→ Input data:
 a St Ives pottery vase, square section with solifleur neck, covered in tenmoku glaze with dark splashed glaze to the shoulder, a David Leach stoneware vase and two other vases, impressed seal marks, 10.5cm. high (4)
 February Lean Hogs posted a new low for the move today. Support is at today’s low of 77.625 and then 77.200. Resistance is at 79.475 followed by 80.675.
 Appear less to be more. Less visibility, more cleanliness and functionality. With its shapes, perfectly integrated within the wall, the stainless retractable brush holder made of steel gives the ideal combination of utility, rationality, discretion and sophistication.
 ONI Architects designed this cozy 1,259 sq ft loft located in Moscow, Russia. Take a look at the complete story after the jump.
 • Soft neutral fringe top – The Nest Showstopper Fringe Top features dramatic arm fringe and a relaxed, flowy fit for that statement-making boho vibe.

→ What needs to be done: Go through the records and repeat each one exactly as written.

→ Answer to this problem:
 a St Ives pottery vase, square section with solifleur neck, covered in tenmoku glaze with dark splashed glaze to the shoulder, a David Leach stoneware vase and two other vases, impressed seal marks, 10.5cm. high (4)
 February Lean Hogs posted a new low for the move today. Support is at today’s low of 77.625 and then 77.200. Resistance is at 79.475 followed by 80.675.
 Appear less to be more. Less visibility, more cleanliness and functionality. With its shapes, perfectly integrated within the wall, the stainless retractable brush holder made of steel gives the ideal combination of utility, rationality, discretion and sophistication.
 ONI Architects designed this cozy 1,259 sq ft loft located in Moscow, Russia. Take a look at the complete story after the jump.
 • Soft neutral fringe top – The Nest Showstopper Fringe Top features dramatic arm fringe and a relaxed, flowy fit for that statement-making boho vibe.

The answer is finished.